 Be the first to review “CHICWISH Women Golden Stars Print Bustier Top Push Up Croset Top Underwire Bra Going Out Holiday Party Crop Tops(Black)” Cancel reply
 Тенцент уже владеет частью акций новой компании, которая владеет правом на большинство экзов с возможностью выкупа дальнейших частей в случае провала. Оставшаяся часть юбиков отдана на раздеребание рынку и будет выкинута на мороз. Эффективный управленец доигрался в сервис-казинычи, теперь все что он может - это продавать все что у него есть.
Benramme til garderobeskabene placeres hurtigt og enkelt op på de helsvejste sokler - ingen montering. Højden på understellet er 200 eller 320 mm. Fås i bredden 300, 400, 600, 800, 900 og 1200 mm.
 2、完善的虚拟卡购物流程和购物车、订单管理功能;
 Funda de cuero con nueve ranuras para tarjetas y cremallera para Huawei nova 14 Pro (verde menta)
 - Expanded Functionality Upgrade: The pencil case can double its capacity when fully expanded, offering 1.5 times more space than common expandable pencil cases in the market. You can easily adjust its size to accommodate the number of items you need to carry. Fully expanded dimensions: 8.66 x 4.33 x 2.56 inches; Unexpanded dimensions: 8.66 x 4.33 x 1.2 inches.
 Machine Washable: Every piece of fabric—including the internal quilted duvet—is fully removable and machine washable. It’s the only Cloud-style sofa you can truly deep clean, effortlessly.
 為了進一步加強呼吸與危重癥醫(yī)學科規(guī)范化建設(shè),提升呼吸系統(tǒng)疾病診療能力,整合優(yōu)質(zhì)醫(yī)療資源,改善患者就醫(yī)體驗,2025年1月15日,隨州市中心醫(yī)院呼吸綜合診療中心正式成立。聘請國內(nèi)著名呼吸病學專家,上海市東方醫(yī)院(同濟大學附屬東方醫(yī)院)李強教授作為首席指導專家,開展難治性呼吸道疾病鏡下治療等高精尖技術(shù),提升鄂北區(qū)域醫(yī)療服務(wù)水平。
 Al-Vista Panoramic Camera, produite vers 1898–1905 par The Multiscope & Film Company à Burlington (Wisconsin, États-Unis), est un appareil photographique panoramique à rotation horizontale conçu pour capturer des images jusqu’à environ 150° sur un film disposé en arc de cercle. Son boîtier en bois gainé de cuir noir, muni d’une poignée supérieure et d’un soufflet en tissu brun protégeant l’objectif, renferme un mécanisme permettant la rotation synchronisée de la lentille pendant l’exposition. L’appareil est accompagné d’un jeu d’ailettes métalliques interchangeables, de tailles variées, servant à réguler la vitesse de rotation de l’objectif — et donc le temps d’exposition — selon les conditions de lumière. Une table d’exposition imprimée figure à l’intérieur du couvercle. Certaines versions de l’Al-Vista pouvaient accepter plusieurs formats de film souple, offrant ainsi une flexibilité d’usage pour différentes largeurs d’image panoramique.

▶ About this task: What are the lines from the one with "Benramme til garderobeskabene" through the last line of the records above? Quote them exactly and add nothing.

▶ Output for this task:
Benramme til garderobeskabene placeres hurtigt og enkelt op på de helsvejste sokler - ingen montering. Højden på understellet er 200 eller 320 mm. Fås i bredden 300, 400, 600, 800, 900 og 1200 mm.
 2、完善的虚拟卡购物流程和购物车、订单管理功能;
 Funda de cuero con nueve ranuras para tarjetas y cremallera para Huawei nova 14 Pro (verde menta)
 - Expanded Functionality Upgrade: The pencil case can double its capacity when fully expanded, offering 1.5 times more space than common expandable pencil cases in the market. You can easily adjust its size to accommodate the number of items you need to carry. Fully expanded dimensions: 8.66 x 4.33 x 2.56 inches; Unexpanded dimensions: 8.66 x 4.33 x 1.2 inches.
 Machine Washable: Every piece of fabric—including the internal quilted duvet—is fully removable and machine washable. It’s the only Cloud-style sofa you can truly deep clean, effortlessly.
 為了進一步加強呼吸與危重癥醫(yī)學科規(guī)范化建設(shè),提升呼吸系統(tǒng)疾病診療能力,整合優(yōu)質(zhì)醫(yī)療資源,改善患者就醫(yī)體驗,2025年1月15日,隨州市中心醫(yī)院呼吸綜合診療中心正式成立。聘請國內(nèi)著名呼吸病學專家,上海市東方醫(yī)院(同濟大學附屬東方醫(yī)院)李強教授作為首席指導專家,開展難治性呼吸道疾病鏡下治療等高精尖技術(shù),提升鄂北區(qū)域醫(yī)療服務(wù)水平。
 Al-Vista Panoramic Camera, produite vers 1898–1905 par The Multiscope & Film Company à Burlington (Wisconsin, États-Unis), est un appareil photographique panoramique à rotation horizontale conçu pour capturer des images jusqu’à environ 150° sur un film disposé en arc de cercle. Son boîtier en bois gainé de cuir noir, muni d’une poignée supérieure et d’un soufflet en tissu brun protégeant l’objectif, renferme un mécanisme permettant la rotation synchronisée de la lentille pendant l’exposition. L’appareil est accompagné d’un jeu d’ailettes métalliques interchangeables, de tailles variées, servant à réguler la vitesse de rotation de l’objectif — et donc le temps d’exposition — selon les conditions de lumière. Une table d’exposition imprimée figure à l’intérieur du couvercle. Certaines versions de l’Al-Vista pouvaient accepter plusieurs formats de film souple, offrant ainsi une flexibilité d’usage pour différentes largeurs d’image panoramique.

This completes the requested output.